● **WHAT THE TASK ASKS**
Please copy exactly the lines from the first in the records through the line that contains "大逆转!布拉加两回合5-3淘汰贝蒂斯,安东尼破门,奥尔塔传射", but not the pictures.

● **DATA FOR REVIEW**
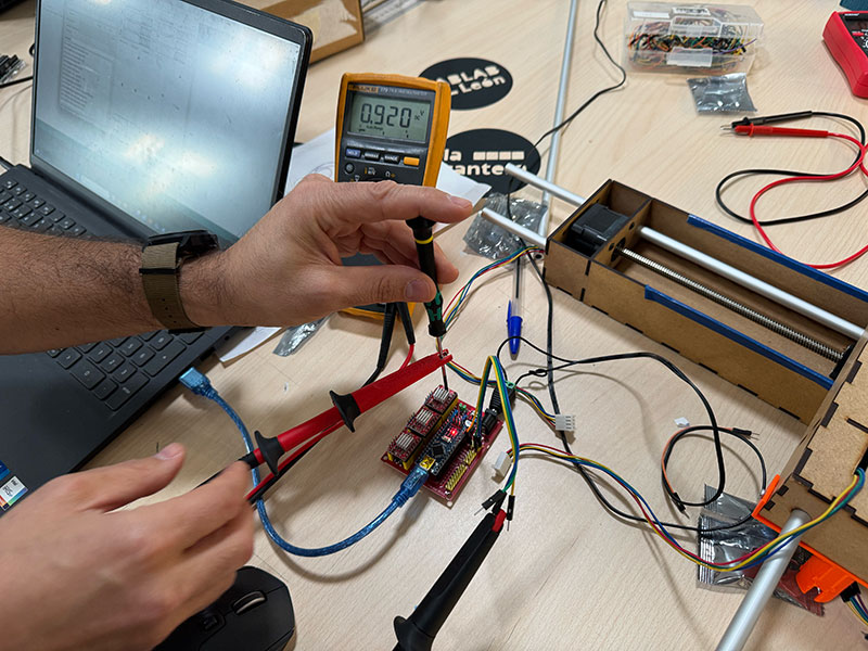 Instead, following the DRV8825 relationship, a current of 2.0 A would correspond to a Vref of approximately 1.0 V. In practice, we adjusted this value taking into account the real limitations of the system and its thermal behavior, keeping the configuration within a safe operating range.
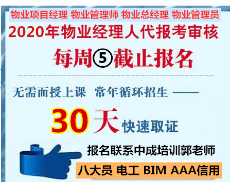 物业经理报名联系人找中成培训郭老师 微信18311352343,电话 18800162207,QQ 1277366319一对一咨询
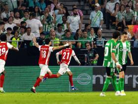 大逆转!布拉加两回合5-3淘汰贝蒂斯,安东尼破门,奥尔塔传射
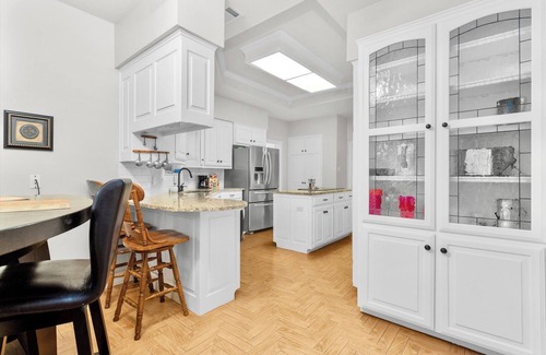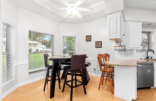 Recently upgraded and beautifully furnished throughout, this spacious and private three-bedroom home features an open floor plan with a full kitchen, counter-height seating, dining area, and a living room with 75” Smart TV.
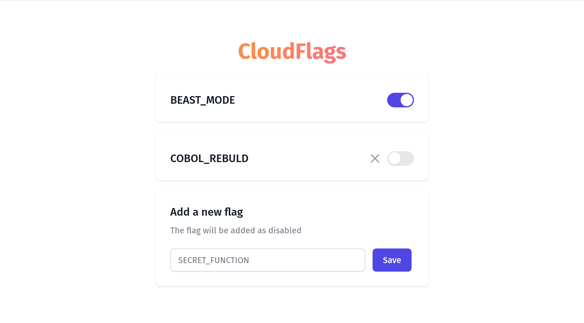 A hyper simplistic feature flag service focused on ease of use and speed. The project is designed to run as a CloudFlare Worker and uses CloudFlare Workers KV for storage. This allows it to run fully on the edge, globally distributed to be closer to the user. There is a simple API for other apps to query one or more feature flags and an easy to use UI for managing the flags. The project is fully built on top of the Hono framework using JSX for templating yet not shipping any JavaScript to the client.
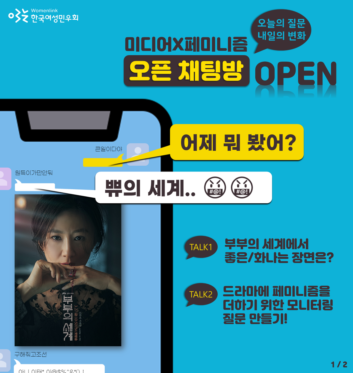 오픈채팅방에서 부부의 세계와 K-드라마를 씹고 뜯어봅시다.
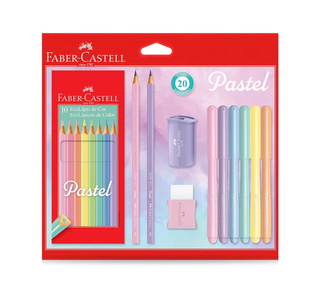 O tom pastel não sai de moda. Agora a Faber Castell montou esse kit incrível com 10 lápis de cor, 1 borracha, 1 apontador e 2 lápis preto para você colecionar ou criar desenhos lindos com a qualidade que só a Faber Castell proporciona. Garanta o seu!
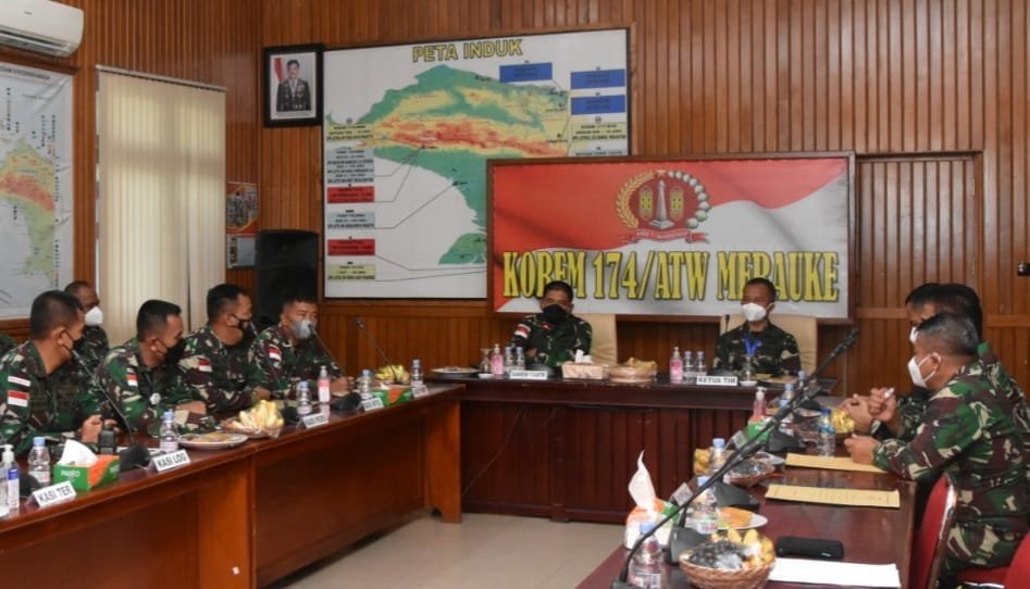 Merauke, KRsumsel.com – Tim Post Audit Inspektorat Jenderal Angkatan Darat (Itjenad) melaksanakan kunjungan kerja ke Korem 174 Merauke dalam rangka Pengawasan dan Pemeriksaan (Wasrik) Program Kerja dan Anggaran Korem 174/ATW Merauke beserta Satuan di jajarannya TA. 2020, Senin (31/5/2021).
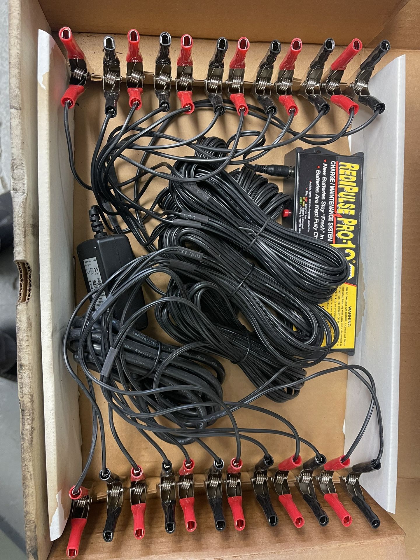 New old stock Battery maintenance system. Keep up to 12 batteries charged up. Never used still in box. Sells for 250.00 retail. 150.00
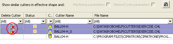 Select the cutters you wish to delete. Use the Ctrl key to select more than one cutter. Use the Select All or Clear SelectionSelect All or Clear Selection buttons if needed.
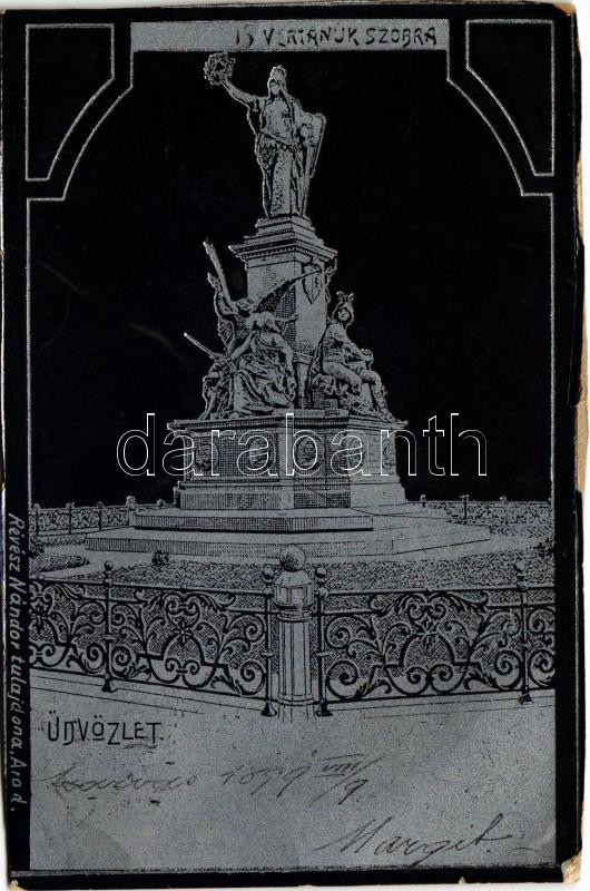 Beschreibung: 1899 (Vorläufer) Arad, 13 vértanúk szobra. Szecessziós fémes hatású fóliás képeslap / martyrs' monument. Art Nouveau, metallic foil postcard (vágott / cut)
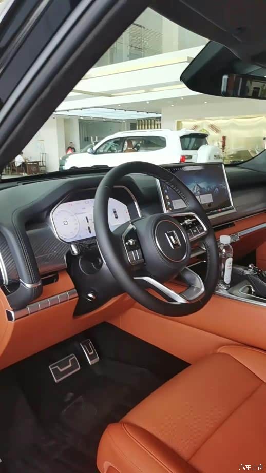 一到试驾地,这车给我的第一印象就是“气场十足”。整车设计完全保留了坦克家族的硬朗线条,但在细节上多了些科技感,特别是前脸的这个灯组,夜间开起来肯定拉风。外观看够了,我赶紧上车。打开车门,迎面而来的是大面积的皮革包裹和氛围灯,豪华感满满!中控屏的操作界面简单明了,科技感扑面而来。
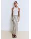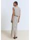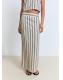 Tejido 100% de lino. Diseño largo. Diseño recto. Estampado de rayas. Cintura con goma elástica. Abertura posterior en el bajo. Forro interior 100% algodón. Total look
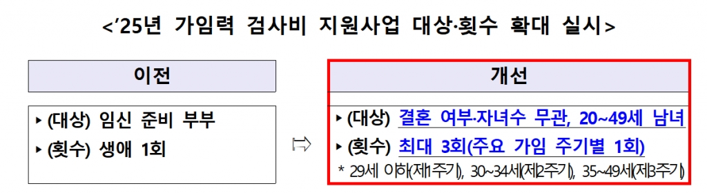 지난해 사업 첫해엔 13만여명의 남녀가 가임력 검사비 지원을 신청한 것으로 집계됐다. 첫해엔 부부(사실혼·예비부부 포함) 대상으로 평생 1회 지원하던 것을 올해부터는 혼인상태 무관, 평생 3회(주요 주기별 1회)로 확대했다. 이에 지난 1~2월 두 달 만에 9만4000여명이 지원을 신청하는 등 주목받고 있다.
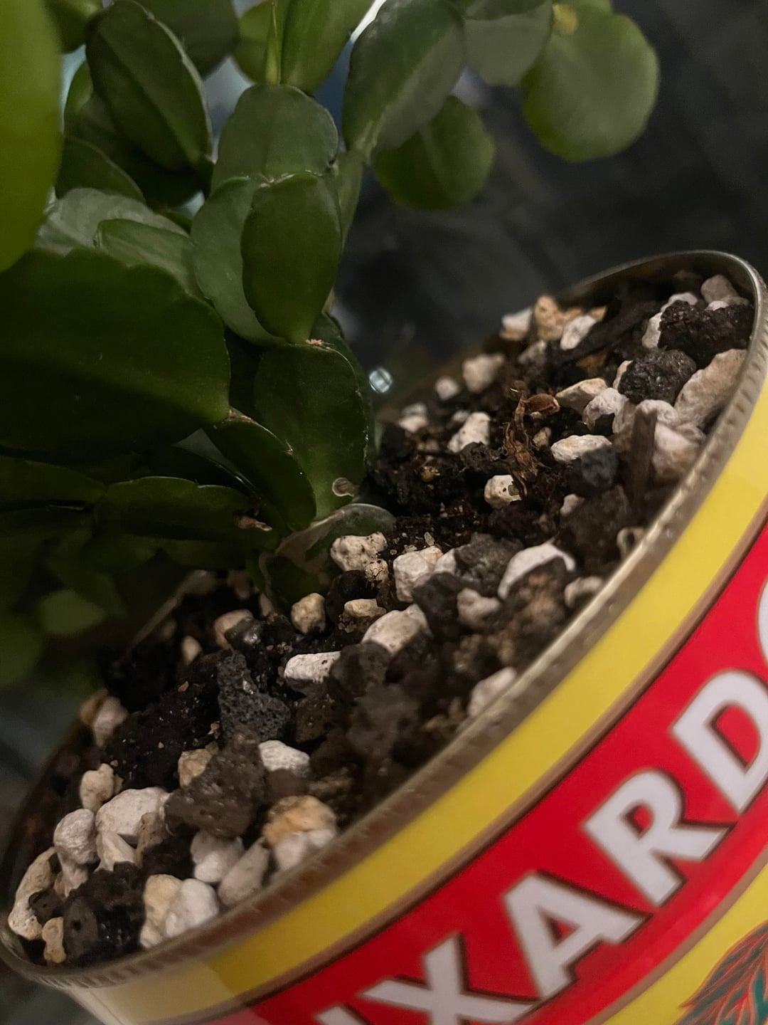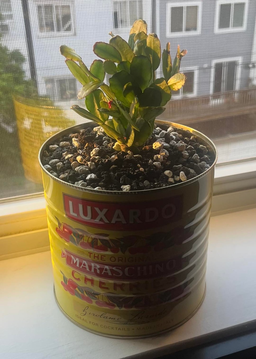 It looks super healthy to me! Especially for being in a metal can (possibly without drainage)!
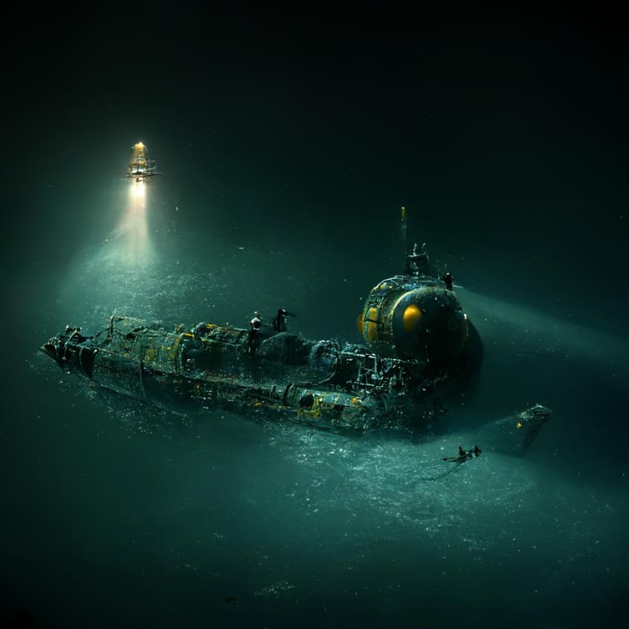 Midjourney: /imagine a russian bathyscaphe exploring the wreckage of the moskva to try to recover cryptographic secrets or perhaps a nuclear warhead.
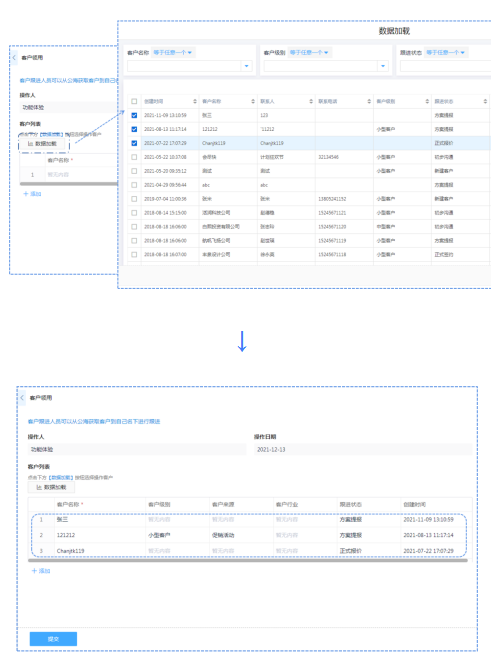 客户管理系统中,客户领用可以直接在客户列表中进行勾选,与客户相关的级别、来源等重要信息直接同步到加载列表,清晰明了。
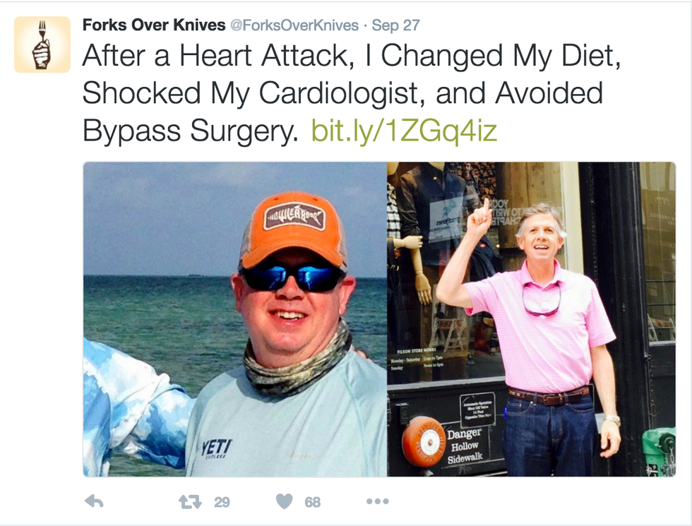According to the documentary, because when we consume dietary cholesterol, only found in animal foods like meat, egg, and dairy products, it tends to stay in the blood stream. This plaque builds up in our blood vessels and is the major cause of coronary artery disease, which often leads to very costly surgeries. Throughout the film, there are numerous examples of people in poor health who switched over to an all plant-based diet, leading to incredible results and even reversing diseases like diabetes and cancer that they've been previously diagnosed with.
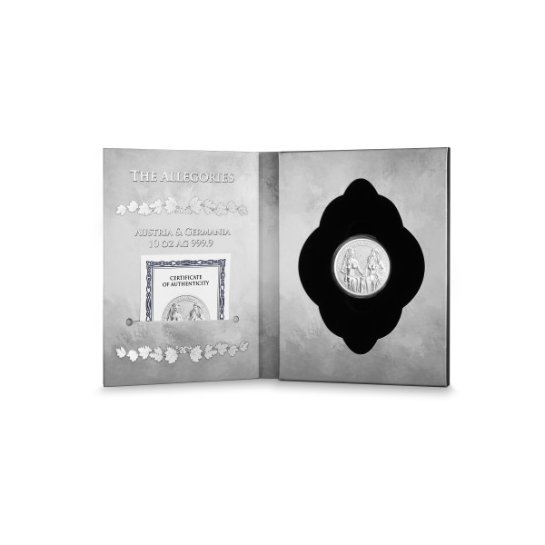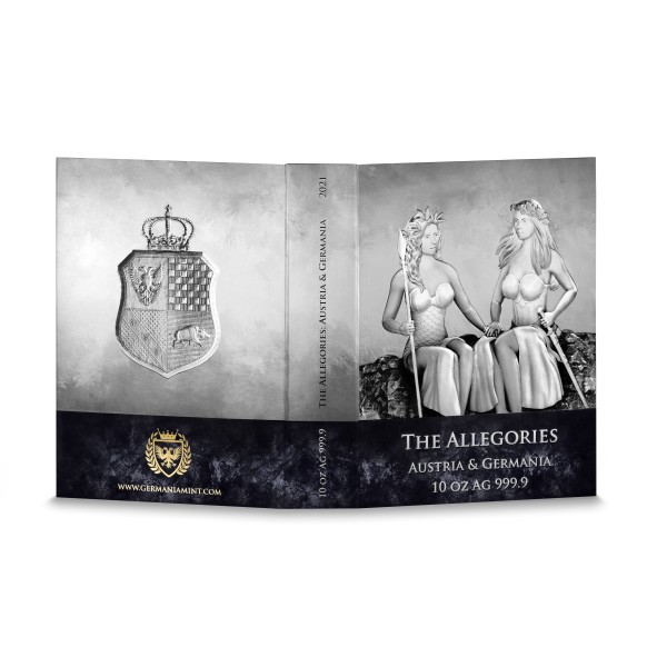 Austria & Germania is the fourth coin from Germania Allegories, coming to Collectors in 2021. The whole series depicts personifications of countries around the world in a form of beautiful, sensual and strong women. The Allegories coins are created in one diameter of 38.61 mm and four different heights and weights, from 3 mm for 1 oz coin to 25.85 mm for 10 oz coin, which is exceptional not only because of its thickness the blanks, from which it has been minted, were processed manually.

● **RESPONSE TO THE TASK**
 Instead, following the DRV8825 relationship, a current of 2.0 A would correspond to a Vref of approximately 1.0 V. In practice, we adjusted this value taking into account the real limitations of the system and its thermal behavior, keeping the configuration within a safe operating range.
 物业经理报名联系人找中成培训郭老师 微信18311352343,电话 18800162207,QQ 1277366319一对一咨询
 大逆转!布拉加两回合5-3淘汰贝蒂斯,安东尼破门,奥尔塔传射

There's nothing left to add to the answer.